Thai Reinsurance Plc (THRE) 
All lights appear green for THRE as it climbs up out of the flood-caused slough. It hopes that a change in rating agency will give it a more rapid upgrade of its rating and allow it to take on foreign clients again. It will also return to dividends with a small one on 2015. We continue to Buy but cut TP down slightly to Bt3.4 from Bt3.6.  
 
Reinsuring high-claim premiums to cut net premium growth. In July, THRE reinsured high-claim policies with other reinsurers. These are mostly health insurance for provincial teachers and are worth Bt1.3-1.5bn/year through 2019. THRE reinsured 85% of these; this will cut 2015F-2019F earned premiums by 20-25% but will be offset by a better combined ratio.
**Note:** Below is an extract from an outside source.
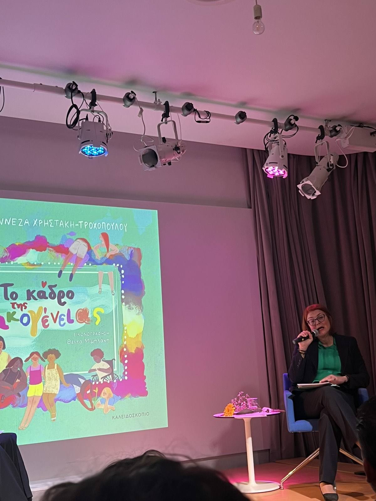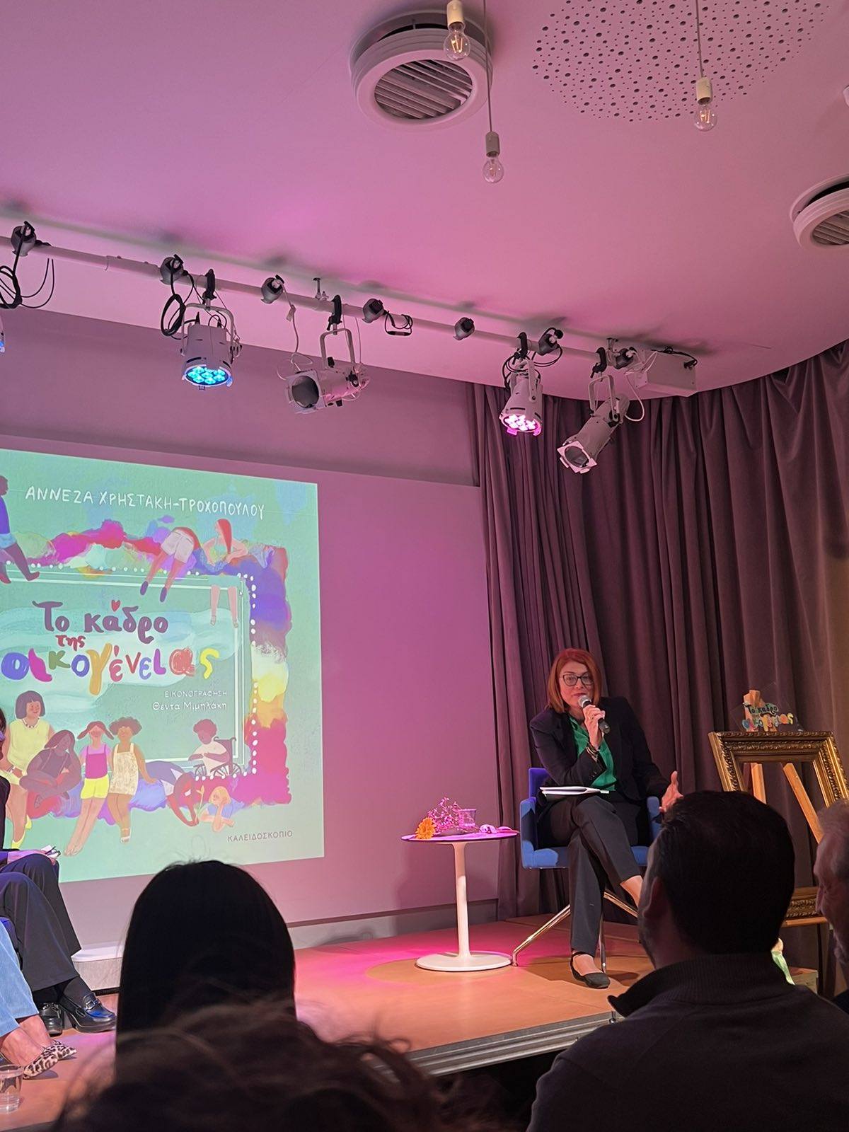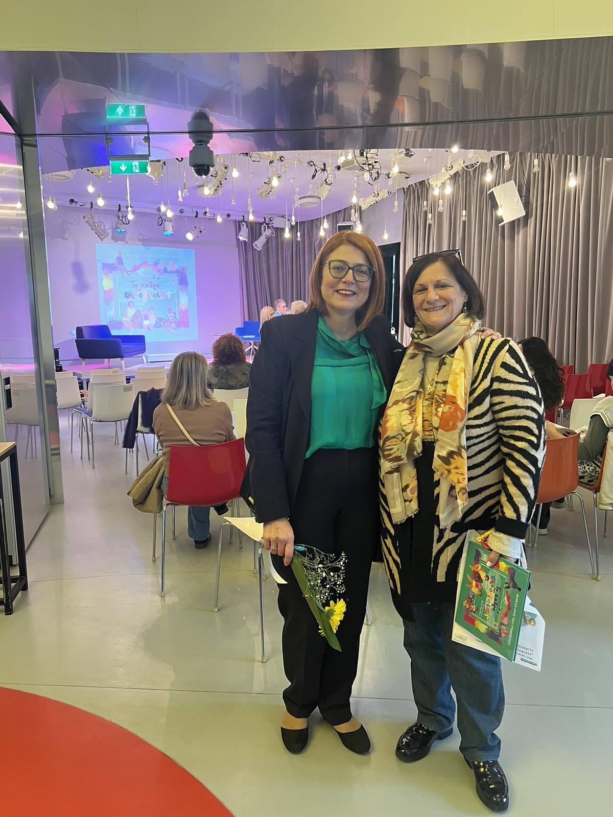 Το Κέντρο εκπροσώπησαν η κ. Νίκη Καραγιουβάννη, Κοινωνική Λειτουργός και η κ. Ειρήνη Αναγνώστου, Σχολική Ψυχολόγος και Επιστημονική Σύμβουλος του Συλλόγου μας. Κατά τη διάρκεια της εκδήλωσης, οι εκπρόσωποι του Κέντρου είχαν την ευκαιρία να συγχαρούν προσωπικά τη συγγραφέα για την ευαισθησία και τον ανθρωπισμό που αποπνέει το έργο της, καθώς και να την ευχαριστήσουν θερμά για την πρόσκληση και την όμορφη αφιέρωση στο βιβλίο της προς τα μέλη του συλλόγου μας.

Factoring in a lengthier economic slowdown than expected and a lower retention rate, we slash our 2015F earned premium growth for non-life reinsurance to -14% from 15%. Note that we forecast a 37% contraction in consolidated premium growth in 2015F, distorted by de-consolidation of THREL, whose life reinsurance premiums accounted for 26% of THRE’s total premiums in 2014. 
 
Improving combined ratio and CAR. Carving out the high-claim policies in July will improve combined and capital adequacy (CAR) ratios. We expect combined ratio to slip to 91% in 2015F (92% in 1H15) and 90% in 2016F from 94% in 2014 (excluding flood claims). Management expects the CAR to increase from 302% at 2Q15 to ~350% at YE2015 and >350% at YE2016, more than double the minimum requirement of 140%.  
 
Changing credit rating agency, hopes for upgrade. THRE switched to Fitch in 3Q15 after hiring A.M. Best Company to review its credit rating in 2Q15 in hopes of a more rapid rating upgrade to “A”, as A.M. Best requires at least one year to review its rating compared to 1-2 quarters for Fitch. THRE expects to be rated “A”, which would bring back reinsurance for international-owned insurers which it lost after the floods in 2011 led S&P to downgrade its credit rating to BBB+. By its estimates, this downgrade led to a loss of ~Bt800mn in premiums from foreign-owned clients. An increase in CAR to >300% by reducing its holding in THREL to 25% in 1Q15 should bring back its “A” rating.  Dividend on 2015. THRE cleaned out retained losses in 2Q15 by using premium on shares and it can resume paying a dividend. However, we expect a very small dividend on 2015F of only Bt0.05/share, assuming an 8% payout ratio (30% of core earnings). 
 
Smooth succession. 46-yearold Oran Vongsurapichet, currently president and Chief Operating Officer, has been appointed as CEO to succeed Mr. Surachai Sirivallop as of January 1, 2016. Mr. Surachai Sirivallop will move to Executive Committee Chairman. 
 
Starting actuary service in October. Its client targets are insurance companies, which are required by the OIC to have an actuarial sign off, and listed companies that need this service for calculation of employee benefit obligations. 
 
Maintain Buy with a slight cut in TP on THRE for: 1) turnaround in 2015 after clearing flood claims; 2) back to dividend on 2015 operations and 3) the possibility its credit rating will be upgraded to “A”, which will open the door to foreign-owned insurers. We cut target price slightly to Bt3.4 (18x PER for mid-2016) from Bt3.6.